By the Rev. Cindy Crane
Director, Lutheran Office for Public Policy in Wisconsin

Cindy CraneA photo of birds perching on telephone lines fills the front cover of the book, “Mobbing,” by Maureen Duffy and Len Sperry. The small creatures look as innocuous as notes resting on lines of music. However, the birds get center attention because of their tendency to join together to overtake larger animals. Recent studies show that if two particular birds have bonded to mob their prey once, the likelihood of their banding together in the future to gain advantage over another target grows exponentially. But the book isn’t about birds. It’s about human beings.

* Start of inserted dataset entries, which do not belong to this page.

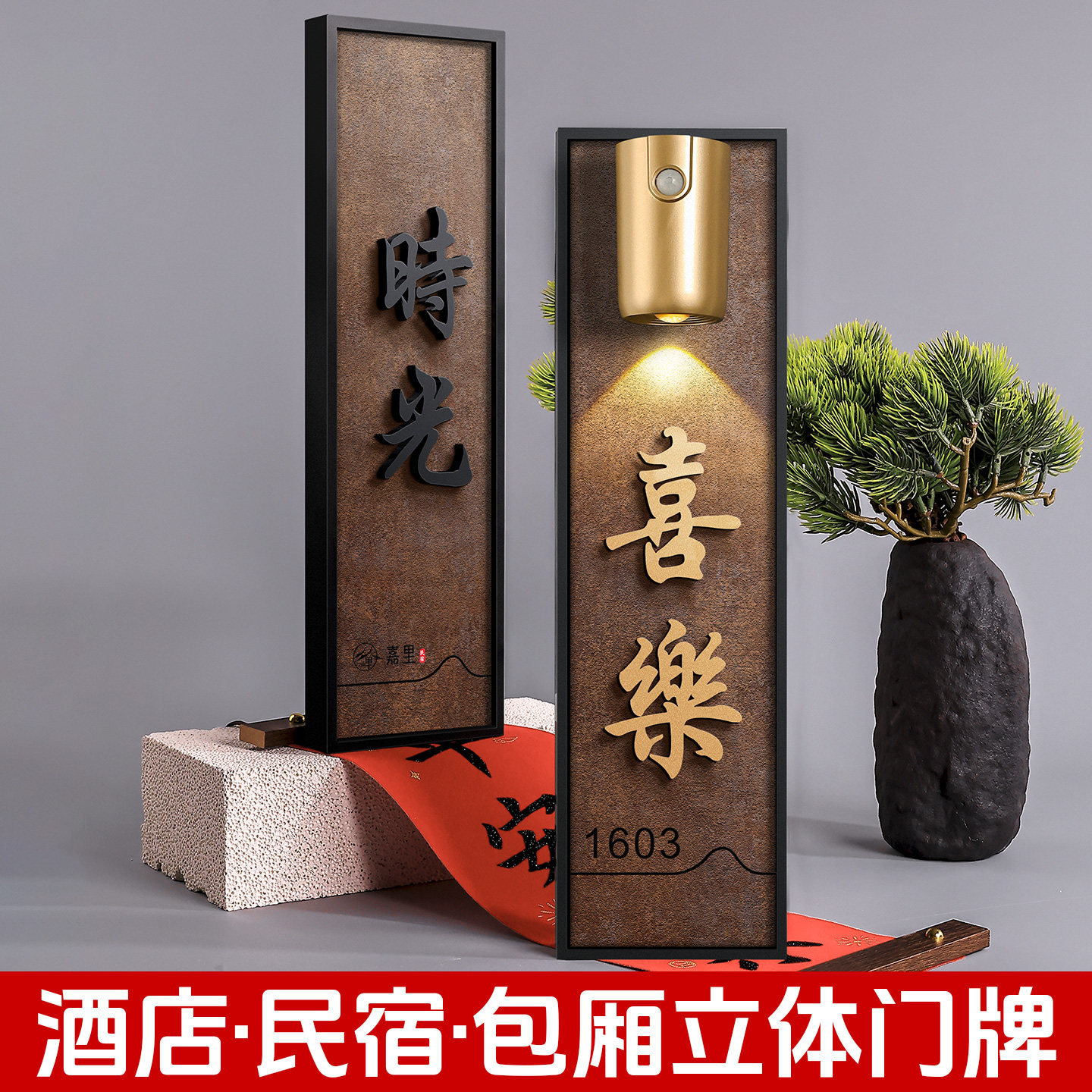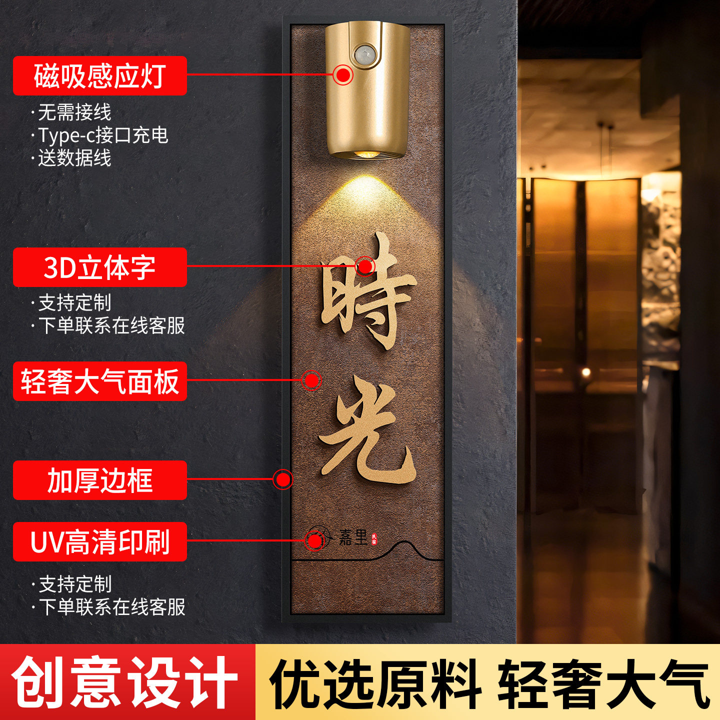 高档会所包厢门牌茶楼雅间宴会厅房间门口创意个性门贴挂牌工作室民宿包间仿古中式感应发光广告牌免打孔招牌
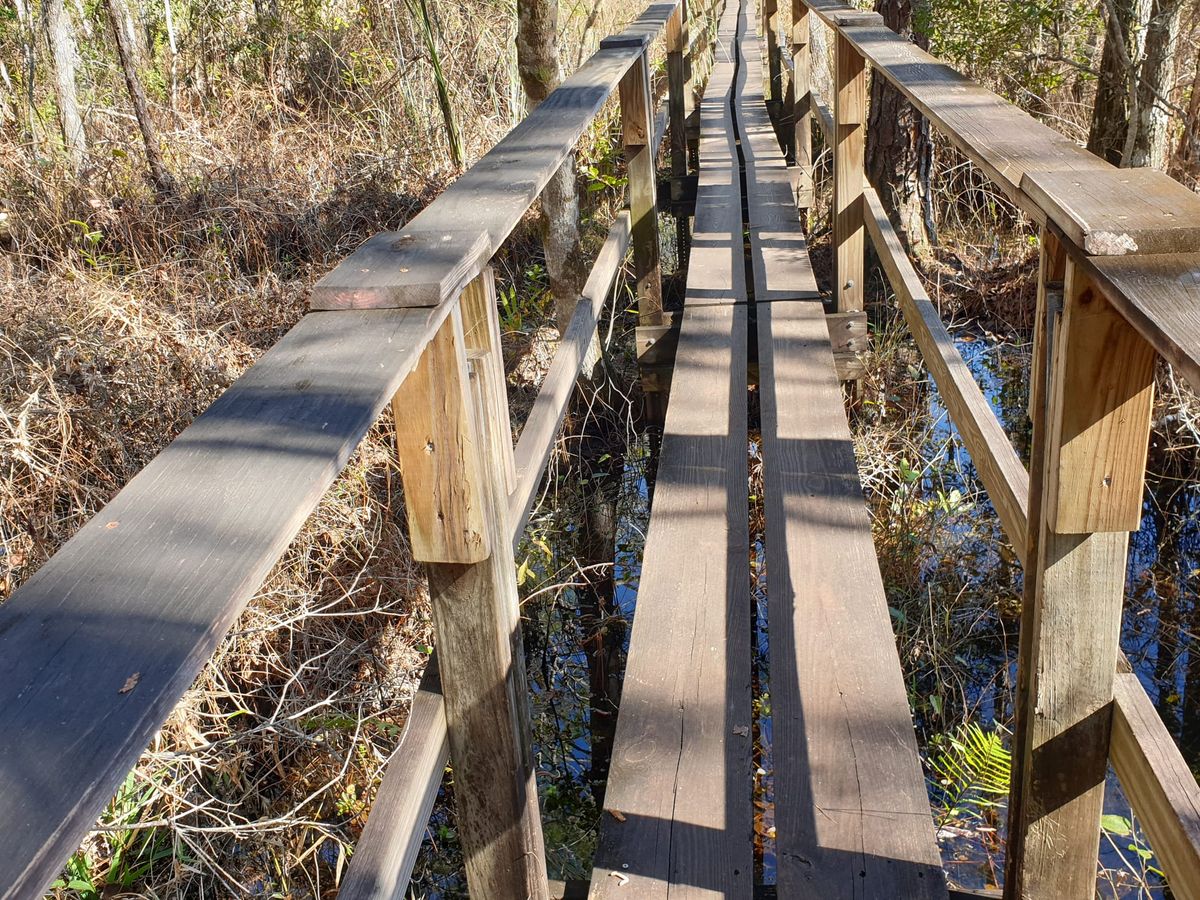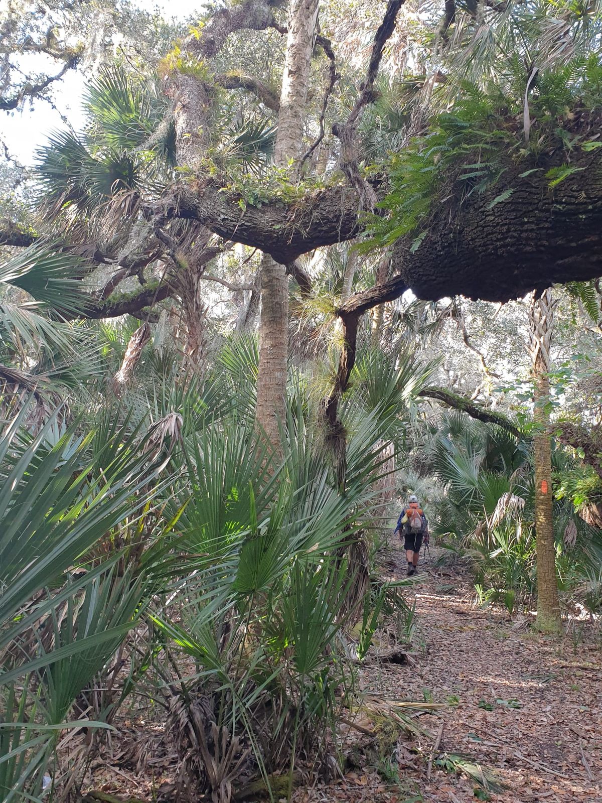 Es wird gar nicht richtig dunkel während der Nacht. Wir befinden uns in der Nähe von Orlando, der Lichtschein der großen Stadt erleuchtet den Himmel. Kein weiterer Regen, so dass die Klamotten morgens nur noch etwas feucht sind und damit auch wieder leichter. Besonders schöner Tag ! Vielleicht liegt es daran, dass es gestern von früh bis spät nur kalt und mühsam war. Heute geht es uns richtig gut, wir marschieren voll motiviert los. Schon bald nach dem Start treffen wir einen „Volunteer“, einen freiwilligen Helfer, der sich um diesen Abschnitt des Trails kümmert. Der Mann läuft ganz früh am Morgen seinen Bezirk ab, um zu gucken, wie der Zustand des Weges nach Sturm und Regen ist. Tolle Sache, ohne die Freiwilligen wären alle Trails nur halb so gut. Wir danken ihm für seine ehrenamtliche Arbeit, dafür dass er die Wege ordentlich in Schuss hält. Er bedankt sich dafür, dass wir den Florida-Trail laufen. Viel ist hier wirklich nicht los. Nettes Gespräch. Vor uns liegt eine fantastische Passage durch Sumpfgebiet.
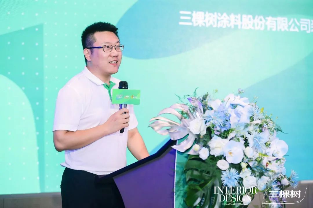 活動中王通虎總經理致辭。他說,作為中國民族涂料領軍品牌,三棵樹的發展要感恩偉大的祖國、偉大的時代,感恩每一位支持三棵樹成長的用戶們。三棵樹愿意與所有設計師保持更加緊密的連接,在良性循環中,促進彼此的可持續發展。以“三棵樹健康+室內設計新星大賽”為契機,三棵樹將繼續關注和扶持年輕設計師群體的成長,為他們創造學習、交流的機會。同時,我們也希望三棵樹品牌能夠讓更多的設計師認知并認可,通過他們的設計將品牌傳達給千家萬戶。

Mobbing is bullying that involves more than one person and has institutional buy-in. At least that’s one definition. When an entire agency, school, condo association, workplace, club, place of worship, government, or a political leader with followers condones abuse, validity is added to actions we would normally find abhorrent. There is something seductive about getting in line with a crowd even when it is moving in a questionable direction.

We stay alert to public policies that could add or diminish lawful layers of discrimination or violent behavior in general. Lessons from history add urgency to our advocacy when we notice disturbing trends repeating themselves. How will we engage?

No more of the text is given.